Should pot users carry Naloxone? London's medical health officer says yes
The urine of people who say they've only used pot has tested positive for fentanyl, health officials warn
Pot users should carry Naloxone kits in case their marijuana is laced with fentanyl, Middlesex-London Health Unit Medical Officer of Health Chris Mackie says.
Mackie issued the warning after fentanyl was found in the urine of heroin and marijuana users who were being screened at the Addiction Services Thames Valley Suboxone Clinic in July, health officials said.
But one man who tested positive for fentanyl at that clinic last week tells CBC News he's never used the drug, and he didn't test positive for marijuana, either.
"In my case, I've had easily half a dozen false positives," said David Cowen, a patient of the Suboxone clinic where people tested positive for fentanyl.
"They say it's probably in your marijuana, or they think you're actually using the drug. I've never used that in my life, and I also don't smoke marijuana, so I know it's wrong."
Mackie said people often misrepresent what they take. The drug lab, at St. Joe's, is very reputable, he said.
But Cowen said it's wrong for health officials to cause panic about pot, a drug half of Canadians say they've used at some point in their lives.
"It's very inflammatory. It's not logical for someone to be lacing very expensive [fentanyl in] pot. It's just inflammatory and it's not true. It's going to make parents very worried," Cowen said. "I don't have a bone to pick. It just kind of blows me away.
'A very disturbing finding'
But Mackie said parents should be worried — as should casual drug users.
"It's a very disturbing finding because a whole new subset of people who are using drugs could be exposed to a very dangerous chemical," Mackie said.
"We have multiple people who are saying this is happening."
It's unknown if the fentanyl was found in pot that was smoked or eaten.
Suboxone is a drug therapy for recovering opioid addicts. The Suboxone clinic's Dr. Ken Lee said it looks like dealers are adding fentanyl to other drugs.
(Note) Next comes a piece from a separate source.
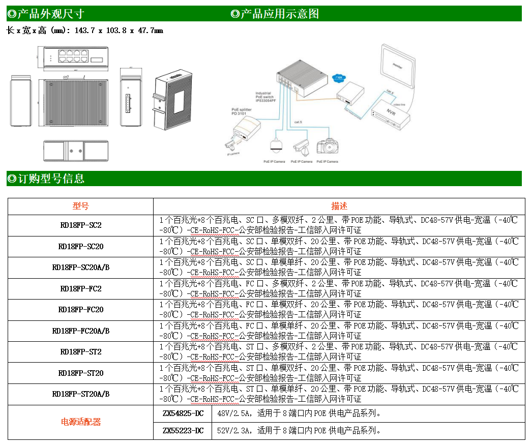 4路百兆POE電口+2路百兆FX光口工業級以太網交換機,支持4個10Base-T/100Base-TX電口和2個100Base-X光口。產品符合FCC、CE、ROHS標準。RD24FP系列交換機具有-40℃~80℃的工作溫度,具有超強的堅固度能適應各種嚴苛環境,也可以非常方便的安置在空間緊湊的控制箱中。導軌的安裝特性、寬溫操作及擁有IP40防護等級的外殼及LED指示燈,使RD24FP成為一個即插即用的工業級設備,為用戶的以太網設備聯網提供可靠、便捷的解決方案。

And Mackie told CBC's London Morning he's worried that the laced drugs could seriously harm someone who is not expecting it.
"This is very, very concerning. A whole new level of drug user, people who are not hardcore users, are not experiences with fentanyl or opioids at all are going to be exposed. I'm really worried that some young person who thinks they're just experimenting is gong to end up taking an overdose of something that kills them."